Rockford Christian will be reunited with members of the Big Northern Conference in the fall of 2021.

The Royal Lions, part of the BNC in sports other than football all along, pulled their football program out of the Big Northern following the 2017 season to be a part of the Northeastern Athletic Conference. When several members of that conference made the jump to 8-man football, the Royal Lions were left out in the cold, joining the NUIC temporarily for the spring 2021 season to fill in for AFC when the Raiders moved to 8-man.

This fall, with Mendota having left the league for the Three Rivers, Rockford Christian is back to play BNC football, taking the Trojans’ spot on the schedule.

The Royal Lions BNC reunion tour kicks off with a stretch of games against teams from the Sauk Valley, with visits to Rock Falls and Oregon the first two weeks before hosting Dixon in Week 3.

“We are probably going to be relying on those first couple of weeks of film,” Dixon coach Jared Shaner said. “We haven’t played them for quite some time, and the good news is we don’t pull them Week 1. We’ll get a couple weeks to get to know some of their basics as well as personnel.”

The team that does pull Rockford Christian in Week 1 is Rock Falls, who happened to also be Rockford Christian’s Week 1 foe the last season the Royal Lions played BNC football in 2017.

“Week 1, when you’re playing some of the best of the conference, guys you know about, teams you know about, you have to worry about yourself,” Rock Falls coach Kevin Parker said. “You have to worry about yourself doing what’s best for your team.
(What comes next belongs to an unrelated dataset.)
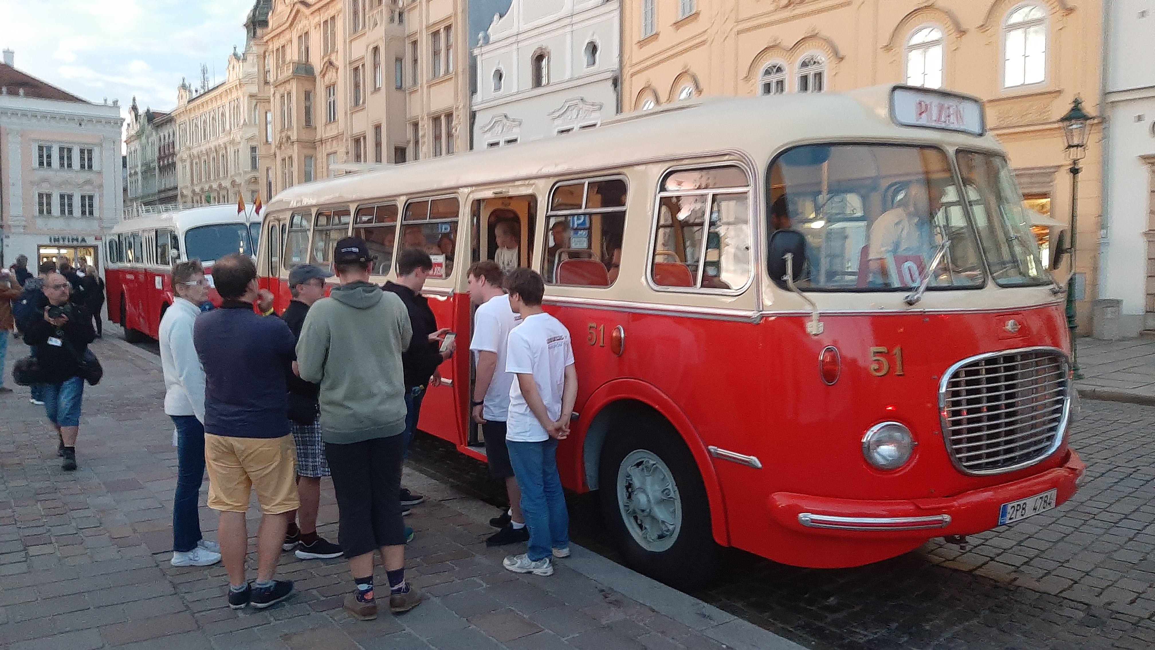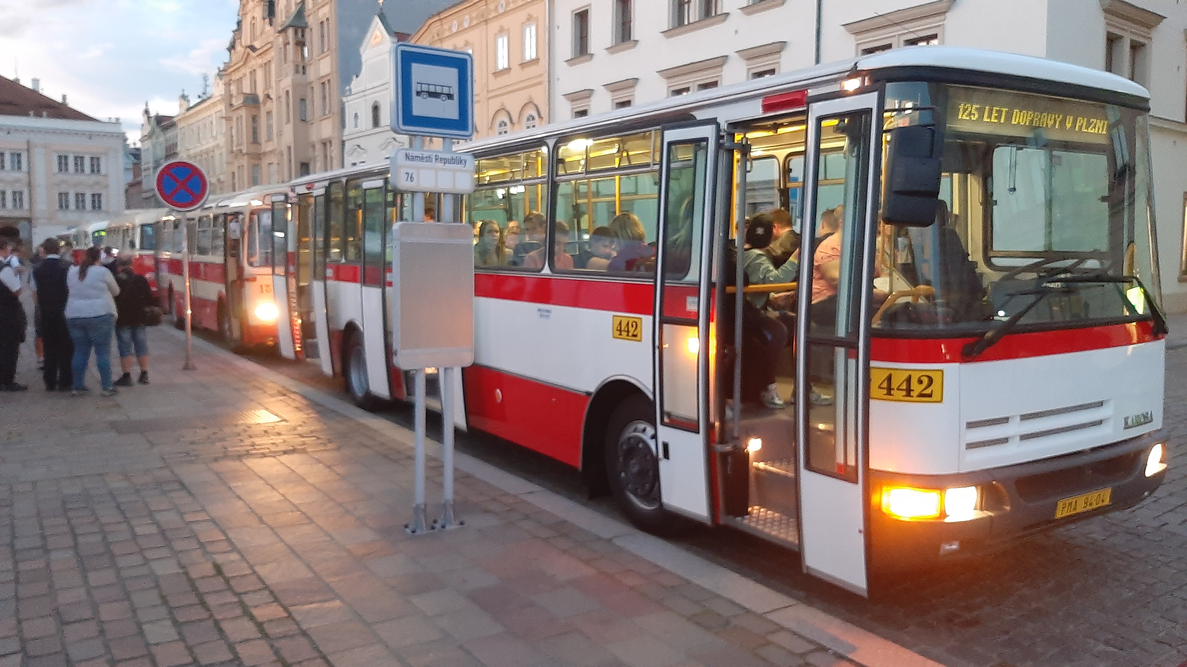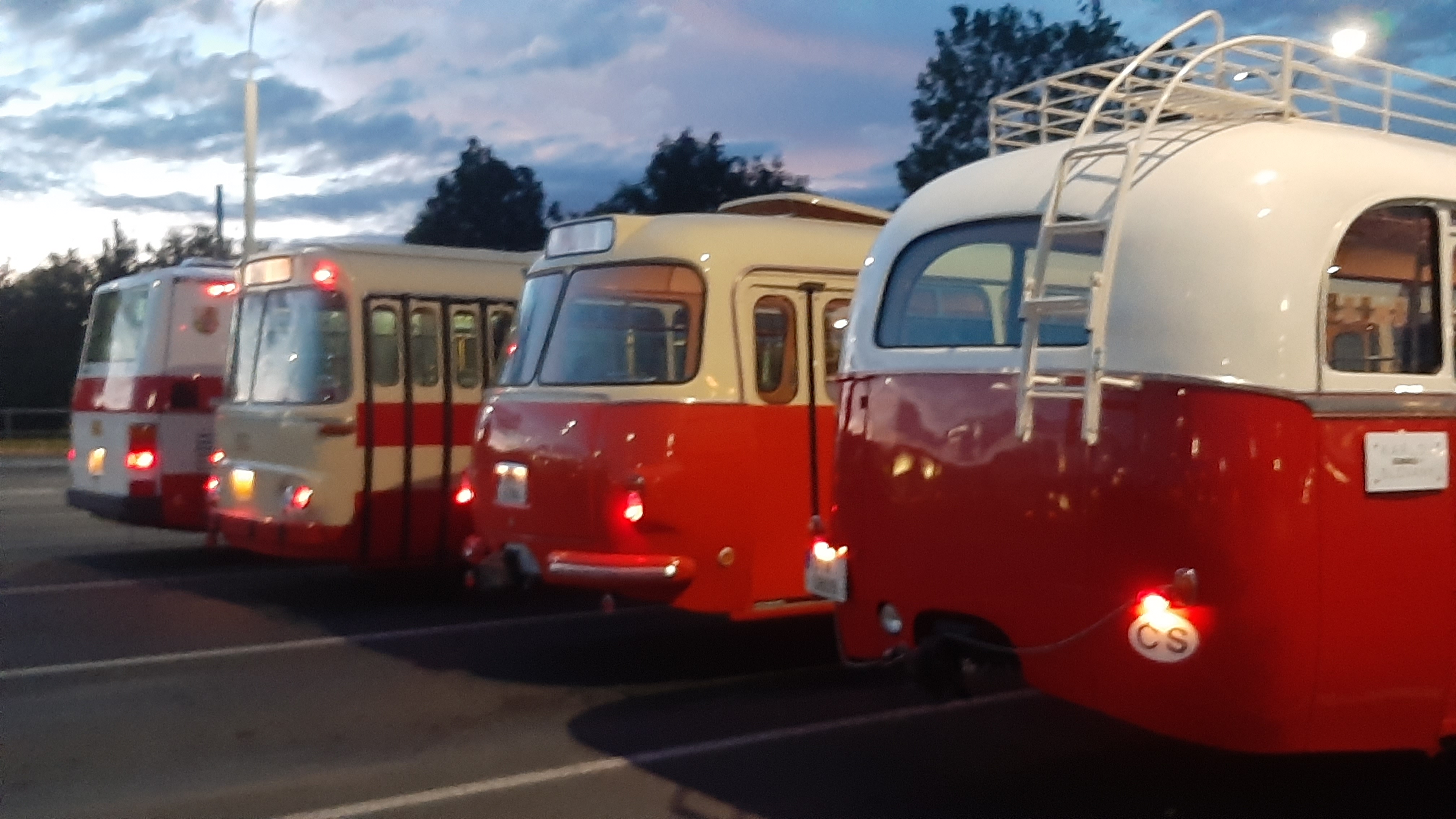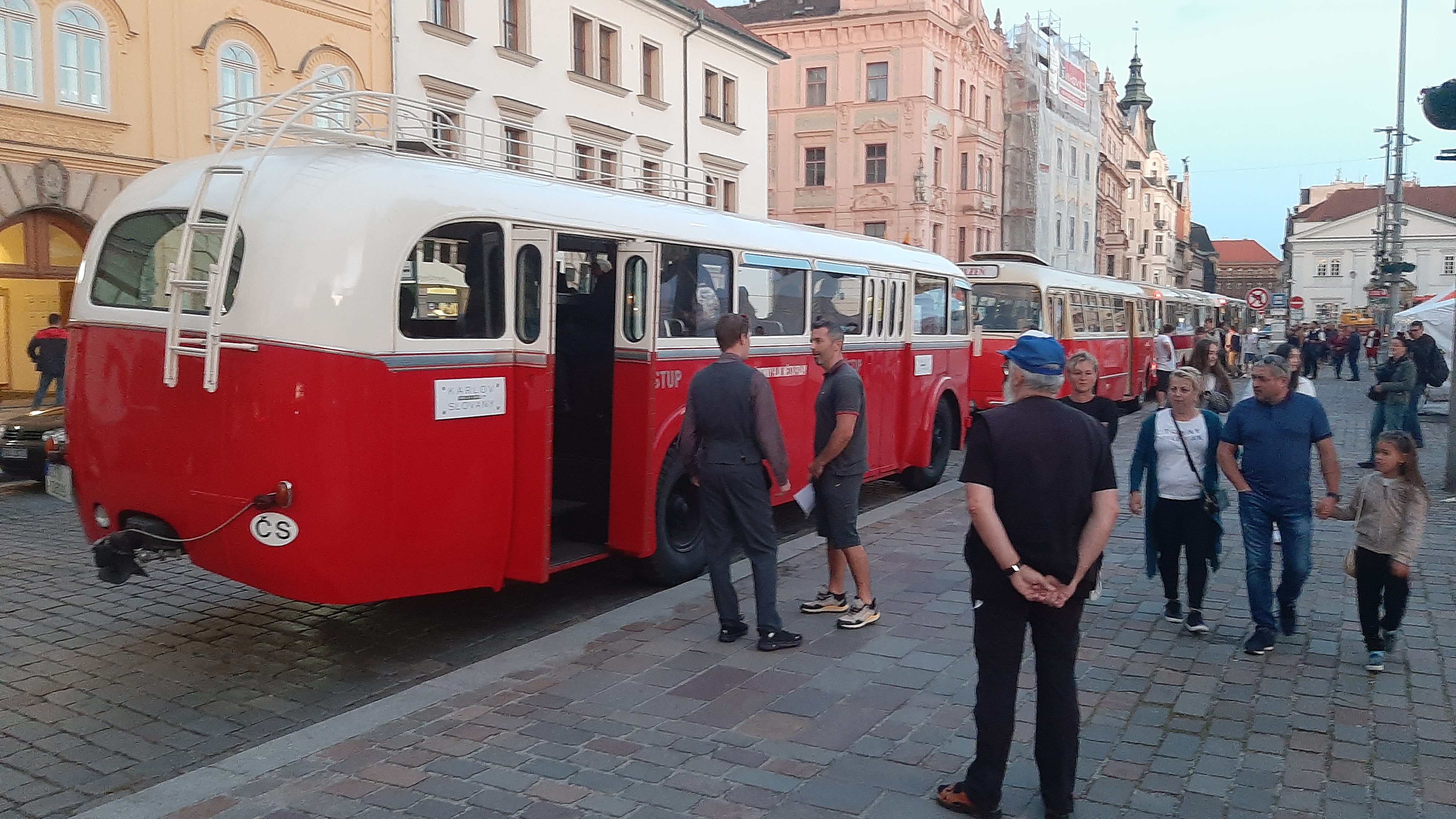 Večer pak vyjel z náměstí Republiky konvoj historických autobusů Škoda 706 RO, Škoda 706 RTO, Karosa ŠM 11 a Karosa B 931.

We’re not talking a whole lot about them, we’re talking about us and making us the best football team that we can be.”

Dixon opens its fall slate against Oregon, a team the Dukes did not face in the shortened spring season.

“We’re going to see a lot of run game at us,” Shaner said. “We have some film on them from the short season in the spring and when we’ve played them before in previous seasons.
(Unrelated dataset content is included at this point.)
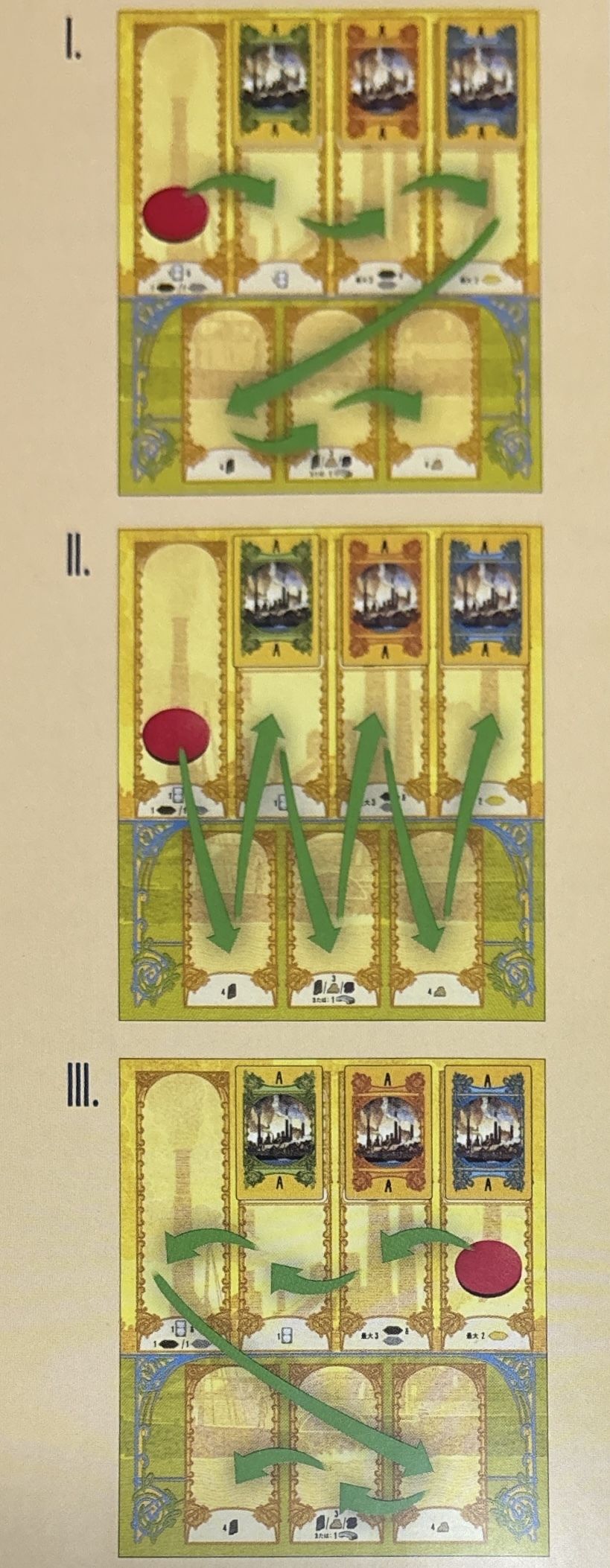 更に、建物効果が強力なものは、4種ある経路(小道、道路、線路、運河)のうち、特定の経路で建物を囲んだり、あらかじめ産業ボードに一定数以上の経路を敷設しておくなど、事前準備が必要なことが多い。
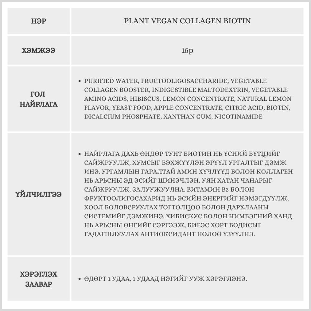 Plant брэндийн уг бүтээгдэхүүн нь ургамлын гаралтай коллаген бөгөөд давхар үс уналт болон хумс хугаралтанд тустай биотин агуулснаараа давуу талтай. 15 ширхэгтэй ба өдөрт нэгийг 1 удаа ууна.

“It’s similar to a Stillman Valley or a Byron; they execute really well and if you can’t line up and shut down their best, it’s going to be a long night.”

Dixon’s short spring season saw one close game after another, dropping the first two games to Winnebago and Lutheran both by five points (with much of the Lutheran game played in a driving rain), then beat Stillman Valley on a last-second touchdown and lost to North Boone when the Vikings scored in the waning seconds.

This fall, the Dukes will get rematches with those four teams in a five-week stretch, hosting North Boone in Week 2 before visiting Stillman in Week 4, hosting Winnebago in Week 5 and visiting Lutheran in Week 6.

“I think the kids are excited about having that opportunity, and the great news for us is we return just about everybody that was on the field for us last year. We had a very small senior class,” Shaner said. “They’ve had a good summer and are eager to get back out there.”

After welcoming the Royal Lions back to the BNC to open the season, Rock Falls will get road trips weeks 2 and 3 to face Stillman Valley and Winnebago.

“It’s a meat grinder, this conference,” Parker said. “Year 1 when I was here were were playing four ranked teams to start the season. That’s nothing new to us.”

After hosting Lutheran in Week 4, the Rockets travel to face Genoa-Kingston in Week 5, a rematch of one of the two games Rock Falls played in the spring. The rematch of the other game, against North Boone, comes at home Week 7.

The Rockets close out the regular season with a trip to Oregon and a home date with Dixon.

The Hawks, after opening at Dixon, get three home games in a four-week stretch with Rockford Christian, Stillman Valley and Lutheran coming to Landers-Loomis Field weeks 2, 3 and 5. The flip side of that is making three road trips the final four weeks of the regular season, visiting Genoa-Kingston, Byron and North Boone weeks 6, 7 and 9.